SCBT upbeat after retail banking exit

SCBT upbeat after retail banking exit

Plakorn: SCBT's first Thai chief executive
Plakorn: SCBT's first Thai chief executive

Standard Chartered Bank (Thai) (SCBT) is aiming for a high single-digit top line growth under its five-year plan after its exit from retail banking to focus on wholesale banking.

Under the bank's five-year plan until 2021, SCBT expects its annual revenue growth will be twice the growth of the country's economy, said chief executive Plakorn Wanglee, SCBT's first Thai chief. The bank forecasts the economy will expand in a range of 3-3.5% annually, which is still below the country's growth potential. The bank expects revenue growth for this year of around 7%.

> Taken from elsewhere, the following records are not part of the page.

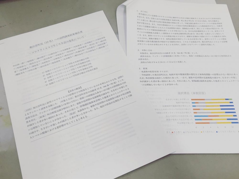 先日この調査結果を奥出雲町健康福祉課に提出しました。学生の想いと努力が、奥出雲町の政策に影響を与え、地域の健康増進に結び付くものと思います。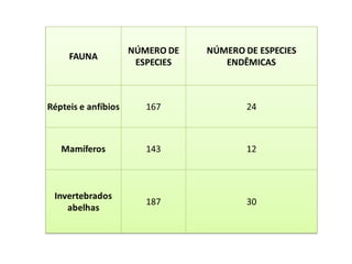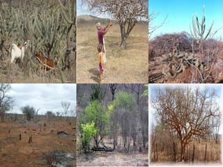 O bioma caatinga, com uma área de 844.453 km², abrange principalmente o nordeste do Brasil, destacando sua biodiversidade, incluindo 932 espécies de plantas e uma variedade de fauna, embora a exploração dos recursos naturais esteja causando desmatamento e ameaças às espécies. A região é essencial para atividades econômicas como pecuária, agricultura e extrativismo vegetal, além de ter sido reconhecida pela UNESCO como reserva da biosfera em 2001, enfocando a conservação da biodiversidade e a sustentabilidade. As plantações medicinais e madeireiras, além da fauna endêmica, são importantes, mas enfrentam altos riscos de extinção devido à exploração humana e à degradação do habitat.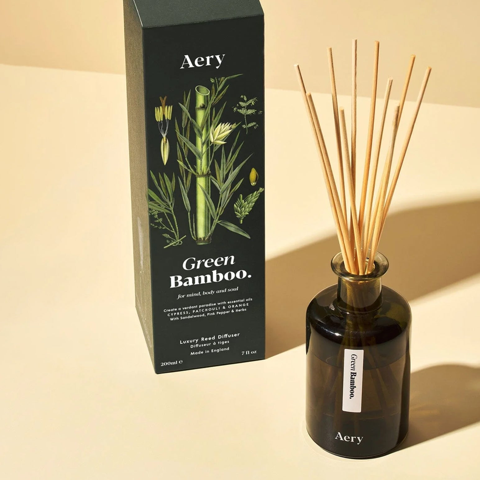 An aromatically rich diffuser. Green Bamboo is undoubtedly one of Aerys' most unique and fresh scents, where juicy and green notes of cypress and orange provide energy and lift the mood. An emerald green paradise filled with fresh and vibrant scents and essential oils. The calming properties of cypress meet the refreshing and positive power of orange - what more could you want? Positively zen.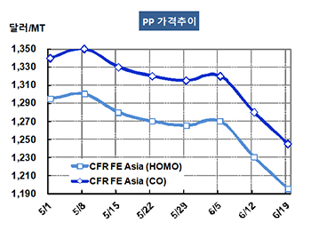 표, 그래프: < PP 가격추이 > <화학저널 2015/06/23> |
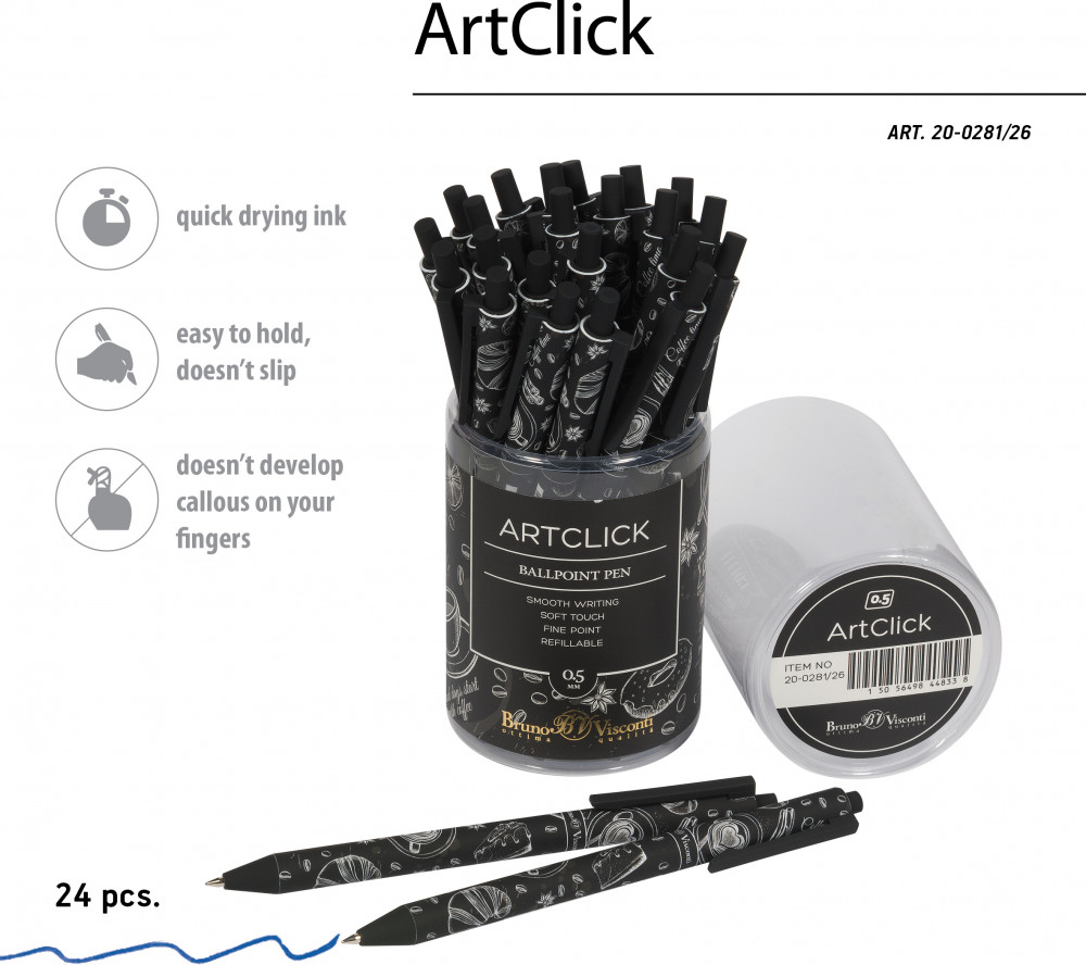 Bruno Visconti Ручка шариковая автоматическая ArtClick «Caffè nero. Time»В данный момент этот товар отсутствует в продаже. Возможно, у нас найдется аналогичный или похожий товар здесь. В коллекции ручек ArtClick от Bruno Visconti каждая ручка имеет свой индивидуальный характер. Авторский дизайн ручки «ArtClick.Caffè nero.Time» обязательно привлечет к себе внимание окружающих. Помимо потрясающего внешнего вида, ручка обладает первоклассным качеством. Мягкое письмо и тонкую линию обеспечивает пишущий узел 0.5 мм от Remec (Щвейцария) и немецкие чернила Dokumental. Длина письма — 1400 метров. |

SCBT focuses on three customer segments -- local large and mid-scale companies, financial institutions including government institutions, insurance, and asset management companies and multinational companies. It has paid attention to both inbound and outbound investment.

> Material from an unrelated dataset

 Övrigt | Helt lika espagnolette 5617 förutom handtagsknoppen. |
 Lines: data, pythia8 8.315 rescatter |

Mr Plakorn said the bank has expertise in several areas of the wholesale banking business, particularly transactional banking, securities, and financial market services. An international network with 1,100 branches in 68 countries in Asia, Africa, and Middle East supports the bank's business operations. UK-based Standard Chartered Bank, a parent of SCBT, is present in all 10 Asean countries.

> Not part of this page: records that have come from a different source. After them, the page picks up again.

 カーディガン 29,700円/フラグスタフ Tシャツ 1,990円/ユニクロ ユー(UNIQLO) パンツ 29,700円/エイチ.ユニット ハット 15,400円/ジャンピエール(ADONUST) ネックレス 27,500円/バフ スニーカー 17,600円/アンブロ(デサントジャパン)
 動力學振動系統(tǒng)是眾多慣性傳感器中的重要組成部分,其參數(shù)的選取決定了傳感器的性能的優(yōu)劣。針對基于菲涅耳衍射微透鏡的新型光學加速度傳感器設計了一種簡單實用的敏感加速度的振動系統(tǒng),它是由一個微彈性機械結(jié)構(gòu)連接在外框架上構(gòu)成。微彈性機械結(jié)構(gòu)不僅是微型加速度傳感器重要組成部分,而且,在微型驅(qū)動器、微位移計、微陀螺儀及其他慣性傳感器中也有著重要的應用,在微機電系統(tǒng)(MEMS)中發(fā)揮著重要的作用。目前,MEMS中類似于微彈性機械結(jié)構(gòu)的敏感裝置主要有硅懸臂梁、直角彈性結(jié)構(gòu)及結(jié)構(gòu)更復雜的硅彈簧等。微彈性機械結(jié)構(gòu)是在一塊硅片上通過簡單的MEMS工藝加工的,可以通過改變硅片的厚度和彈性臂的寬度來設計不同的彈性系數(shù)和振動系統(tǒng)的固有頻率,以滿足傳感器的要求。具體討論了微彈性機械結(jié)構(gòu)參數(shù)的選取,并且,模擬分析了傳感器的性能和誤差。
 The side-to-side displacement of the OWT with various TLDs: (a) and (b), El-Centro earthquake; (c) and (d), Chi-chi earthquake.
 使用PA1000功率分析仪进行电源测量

Mr Plakorn, who also oversees the bank's representative offices in Cambodia, Laos and Myanmar, said there are great business opportunities for both local and international corporate customers to expand their foothold in these high-growth countries.

Apart from Asean, the bank has business exposure in other high-growth emerging markets, especially China, India, and Bangladesh. International businesses represent a significant portion of SCBT's total assets at 201.7 billion baht.

SCBT has not set a target for loan or asset growth, but rather is focusing on offering value-added services to clients and its profitability. The bank managed to turn the corner with a net profit of 384 million baht last year after a net loss in the previous year.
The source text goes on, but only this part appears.